UNLEARNING SELF-REJECTION

MARIJA REBEKKA KANAVIN, PHOTOGRAPHER

STEINTRE by Marija Rebekka Kanavin

UNLEARNING SELF-REJECTION

MARIJA REBEKKA KANAVIN, PHOTOGRAPHER

I struggled to fit into elementary school. Some of these memories have become vague, but I do remember often being called weird. I remember being excluded by some classmates when I asked if I could play with them. I remember feeling alone. Eventually, it affected me so much that I had to change schools.  I remember the excitement of starting over in a place where no one knew me. I was lucky because the new school was exactly what I needed and I made friends immediately. However, this also became the beginning of my active habit of trying to fit in. This notion of feeling rejected by others created another rejection within me, where I was constantly doubting myself and as a consequence, I struggled academically. Being liked by others was of the greatest importance and I did not put much value into my education. I had difficulties focusing and learning. I assumed this was just who I was, someone who did not get it. I was focusing so much on socialising, while I had also decided in my mind that I was not capable of self-improvement. I rejected those who tried to tell me I could do better. Most importantly, I continued to reject myself. I was afraid of even trying because I was sure I would fail. This tendency followed me for years and honestly still does from time to time – my self-rejection. 

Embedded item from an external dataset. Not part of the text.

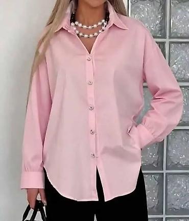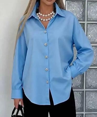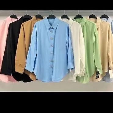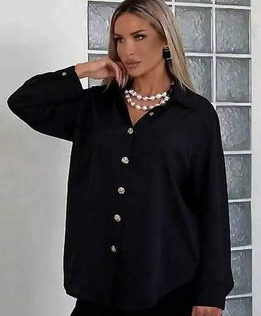 Ženska košulja dugih rukava, klasičnog kroja sa kragnom i kopčanjem na dugmad po sredini. Diskretno spuštena ramena, širi komforan kroj i zaobljen donji rub sa malim šlicevima sa strane. Manžetne sa jednim dugmetom. Dugmad dekorativna, sjajna.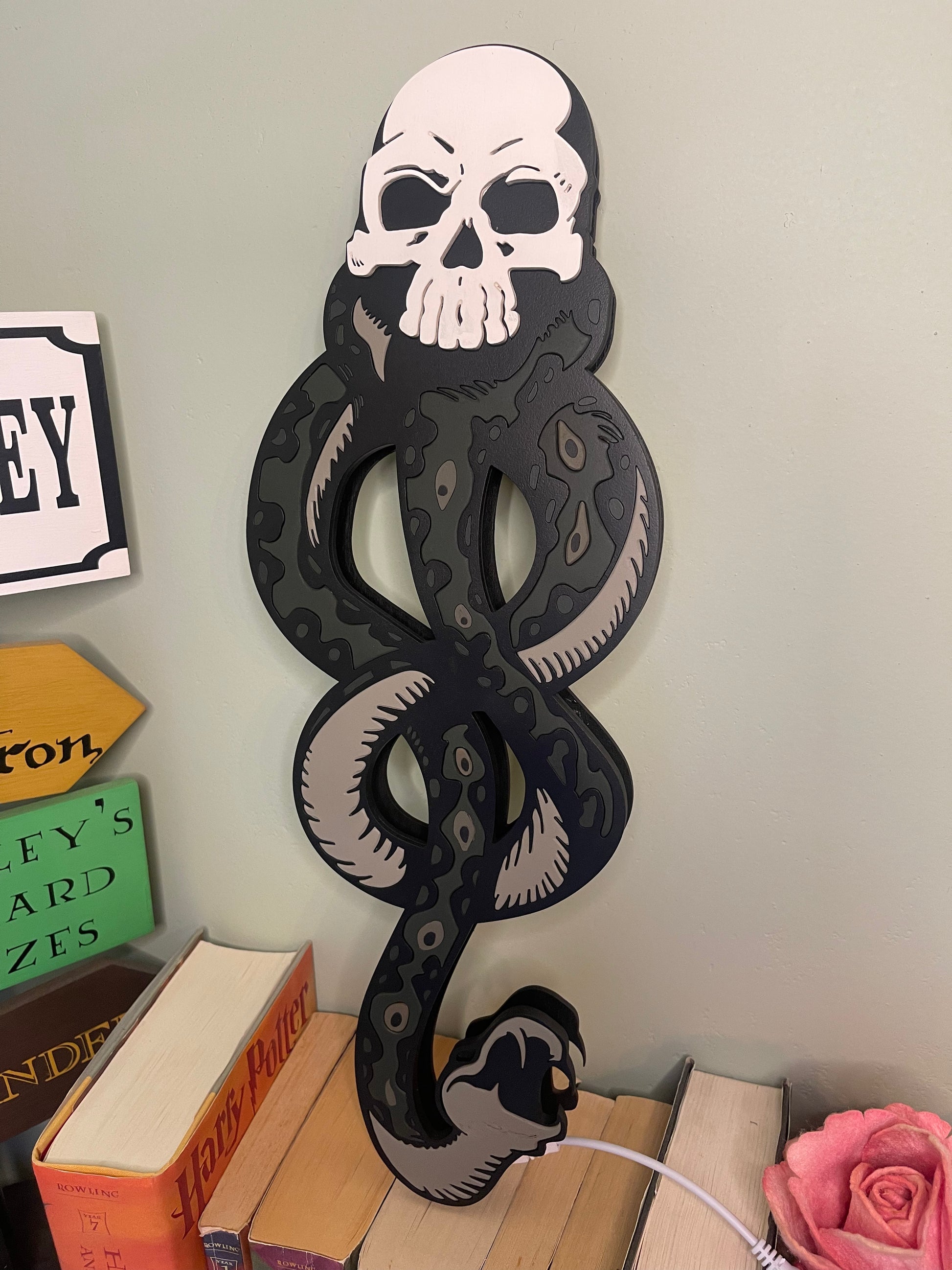 Wooden Dark Mark sign with green LED lights that emit the perfect green glow. Perfect night light for the dungeons!

When it comes to the social aspect, I, like many others, sometimes put on a social mask to be likeable. It is exhausting: often, I don’t notice until the following day, when my mind starts contemplating everything I said the day before. However, in my academic journey, it was art that made me question this habit of self-rejection. When I started taking art courses in high school, I realised that there are things that I am good at. It gave me confidence and enjoyment in creating and critically reflecting about the world and my life. Only when I started to study arts and photography did I start to feel smart, I felt like I belonged. I was slowly learning that I was able to do whatever I put my mind to. Art school made me see this more clearly. It gave me confidence and I started believing in myself. It did not matter if a career in art was a difficult path because I understood that this is what I love doing. This confidence grew beyond just my artistic practice and into my general way of learning, the way I looked at myself, and the world. As I grow and walk through this life I try my best to be my true self, and unlearn this tendency of self rejection.


Marija Rebekka Kanavin Gutans is a photographer passionate about the use of storytelling as a tool for promoting social change. Apart from trying to understand how the current structures in our media landscape can be harmful, she loves to swim, laugh, and meet new people and animals.